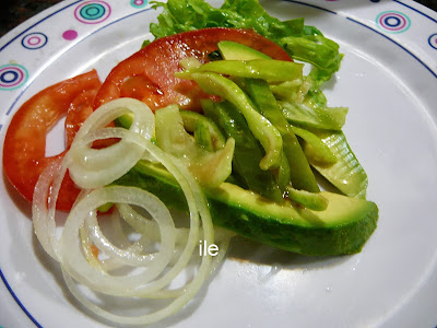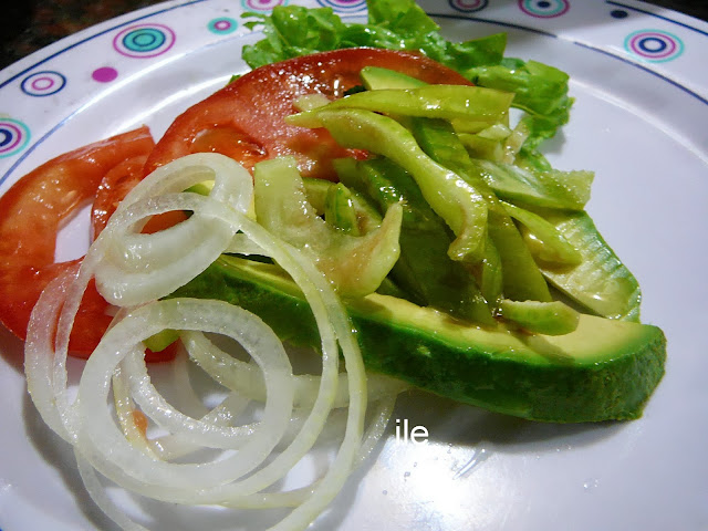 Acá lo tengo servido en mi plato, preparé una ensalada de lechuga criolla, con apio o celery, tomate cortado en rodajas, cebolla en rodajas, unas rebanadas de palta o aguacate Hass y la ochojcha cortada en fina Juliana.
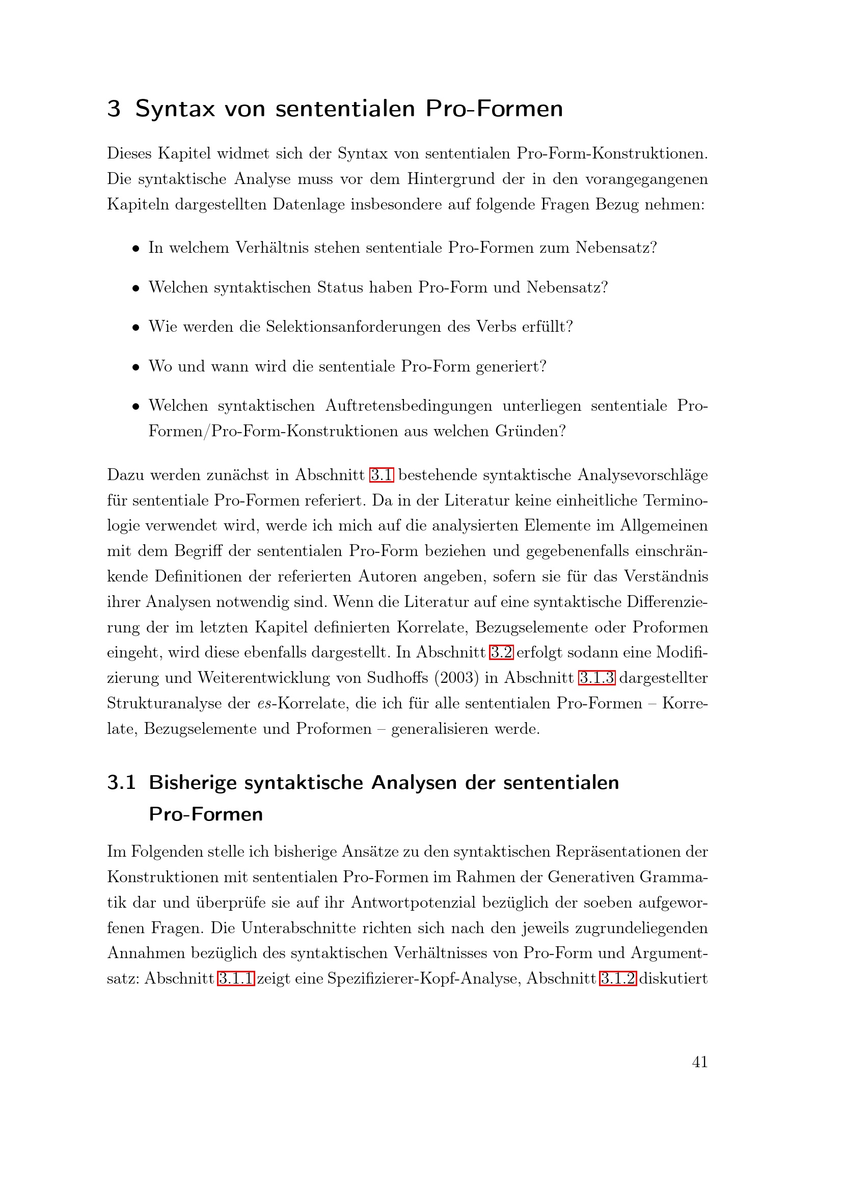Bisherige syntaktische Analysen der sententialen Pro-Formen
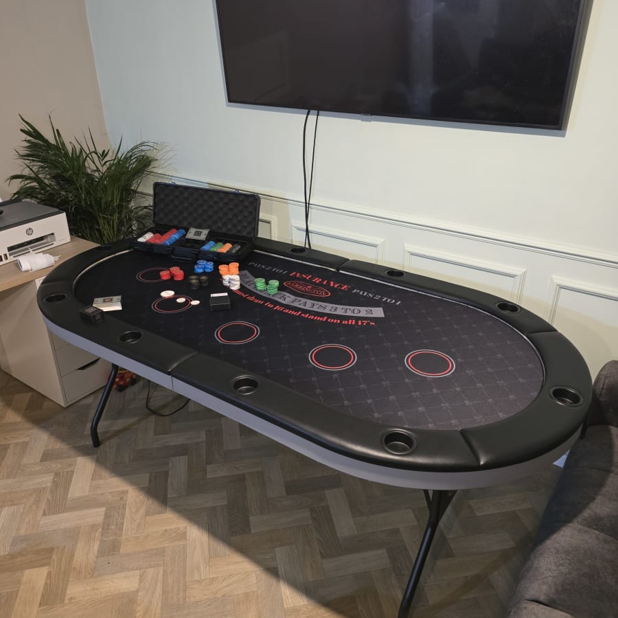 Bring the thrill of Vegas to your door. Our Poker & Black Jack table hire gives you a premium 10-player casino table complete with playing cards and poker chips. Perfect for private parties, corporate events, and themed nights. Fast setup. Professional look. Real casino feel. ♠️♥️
# # #
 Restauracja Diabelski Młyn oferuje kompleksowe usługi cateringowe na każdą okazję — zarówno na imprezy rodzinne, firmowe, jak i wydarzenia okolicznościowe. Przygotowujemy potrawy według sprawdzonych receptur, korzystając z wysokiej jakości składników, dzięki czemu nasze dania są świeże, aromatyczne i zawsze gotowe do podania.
# # #
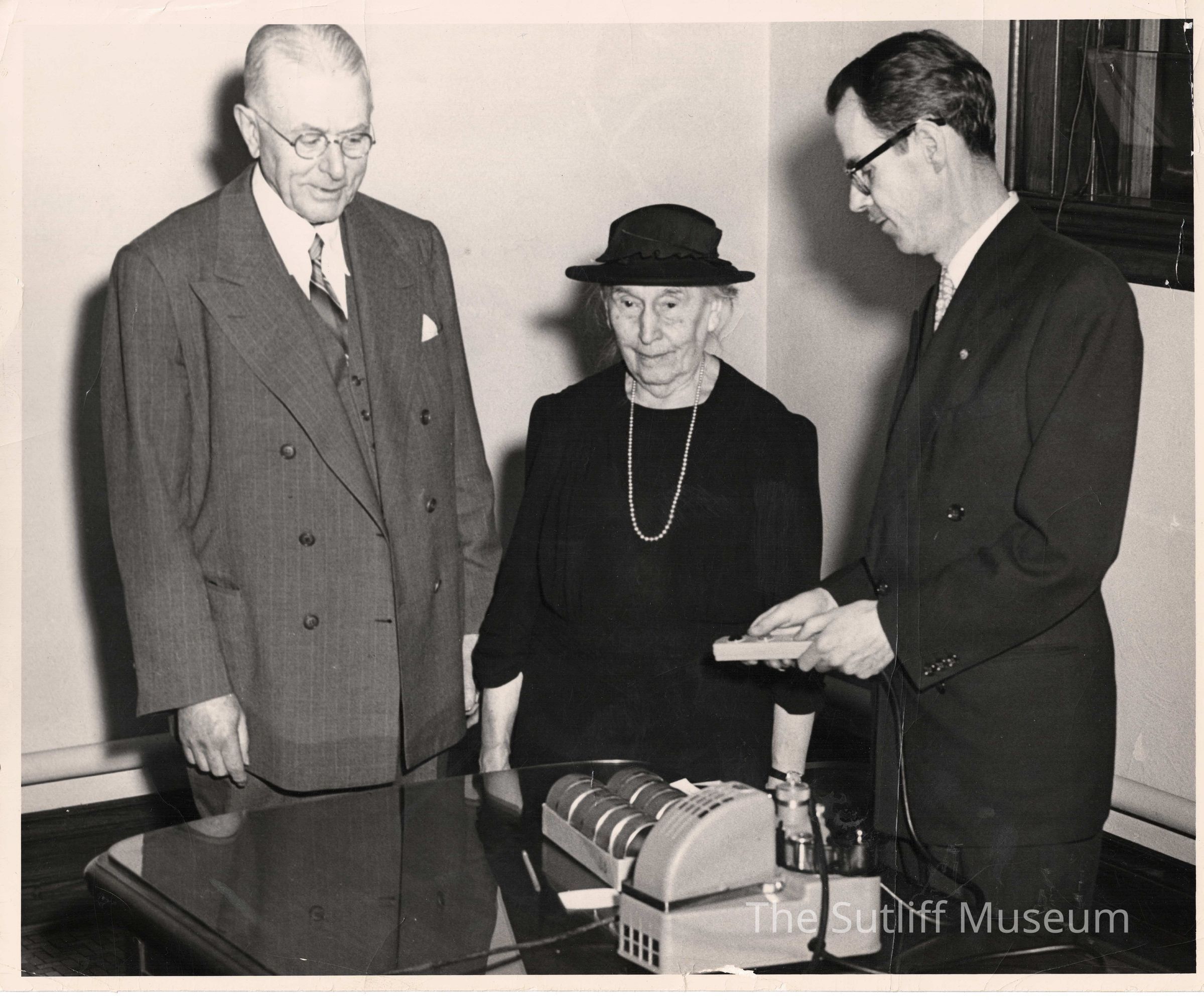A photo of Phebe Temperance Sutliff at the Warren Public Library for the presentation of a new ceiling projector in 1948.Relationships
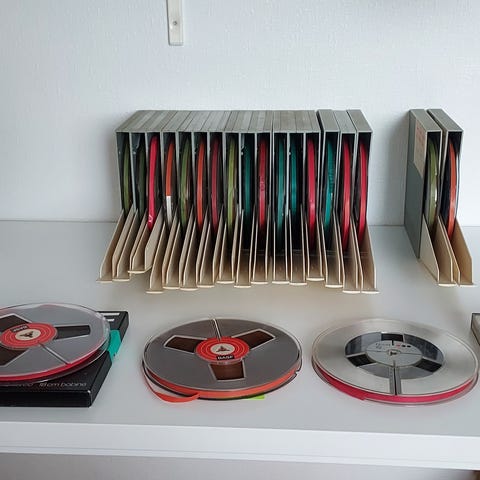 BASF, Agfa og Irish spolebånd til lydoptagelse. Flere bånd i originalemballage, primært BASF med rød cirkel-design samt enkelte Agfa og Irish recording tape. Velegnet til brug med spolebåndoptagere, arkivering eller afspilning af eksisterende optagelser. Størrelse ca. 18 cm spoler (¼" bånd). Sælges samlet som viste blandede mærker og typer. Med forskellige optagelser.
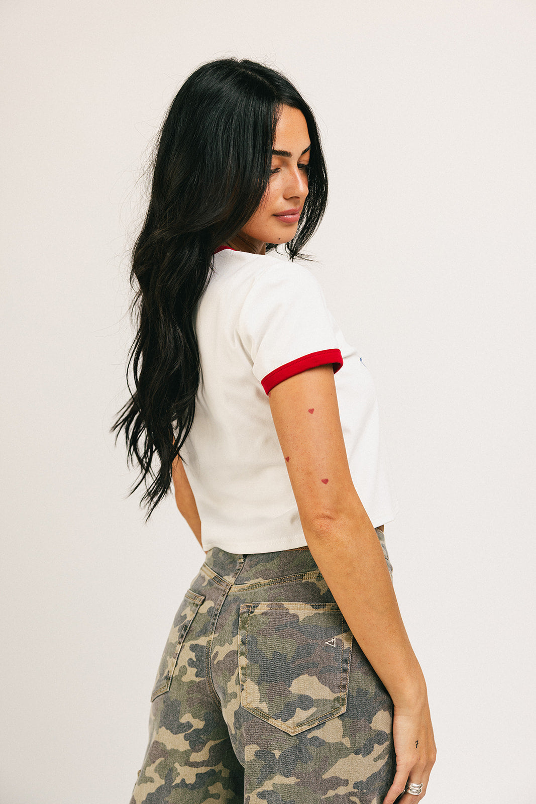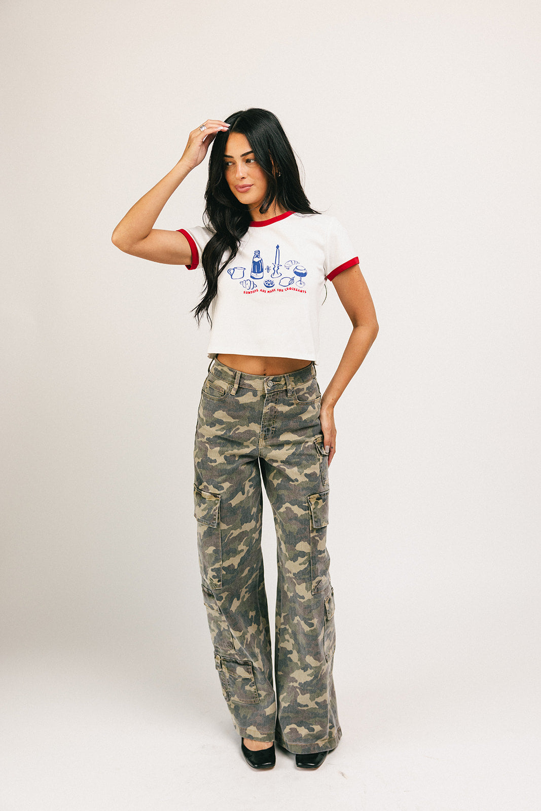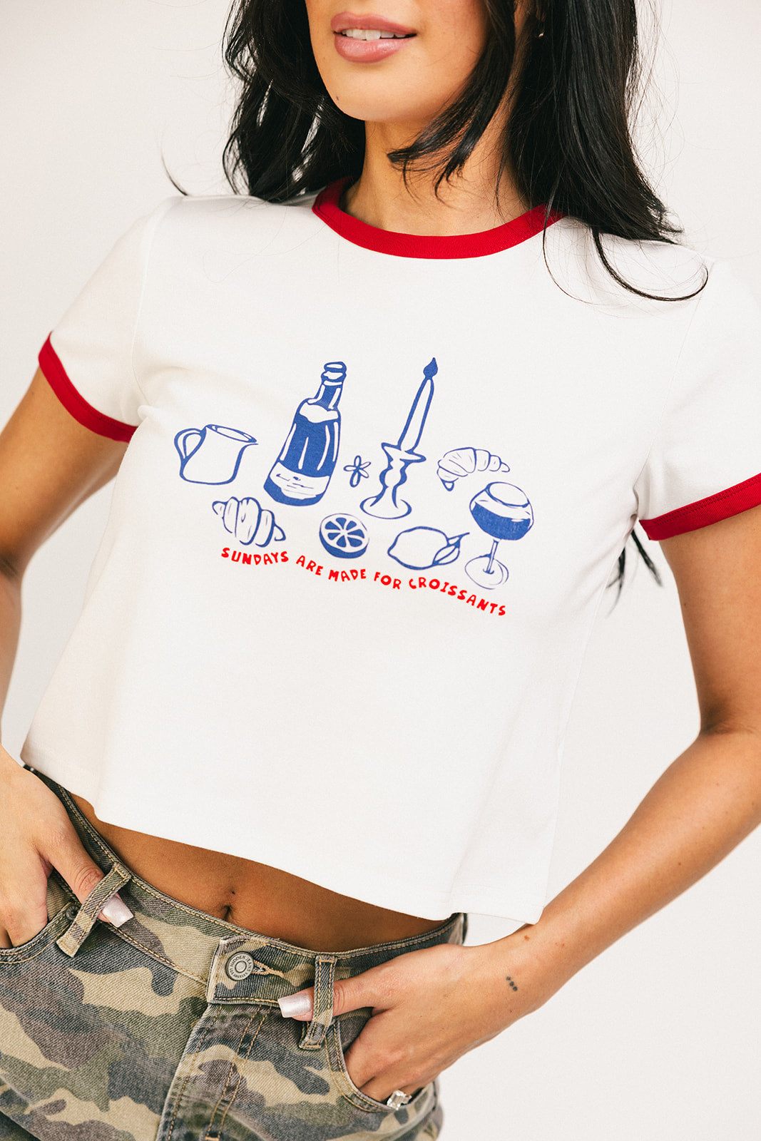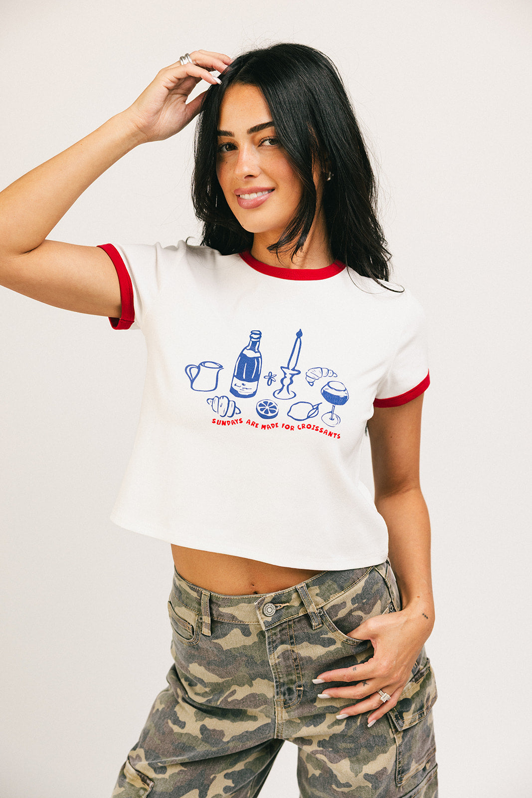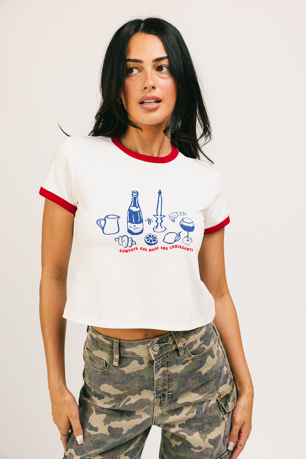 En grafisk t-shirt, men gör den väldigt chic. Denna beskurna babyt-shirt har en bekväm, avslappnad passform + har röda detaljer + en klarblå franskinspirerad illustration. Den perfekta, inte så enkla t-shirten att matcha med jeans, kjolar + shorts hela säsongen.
# # #
**Requirement**.
Give back exactly, and solely, the section of the data above bounded by the line containing "Bisherige syntaktische Analysen" and the line containing "Bring the thrill", both bounding lines included and pictures omitted.

**Solution to the problem**.
Bisherige syntaktische Analysen der sententialen Pro-Formen
 Bring the thrill of Vegas to your door. Our Poker & Black Jack table hire gives you a premium 10-player casino table complete with playing cards and poker chips. Perfect for private parties, corporate events, and themed nights. Fast setup. Professional look. Real casino feel. ♠️♥️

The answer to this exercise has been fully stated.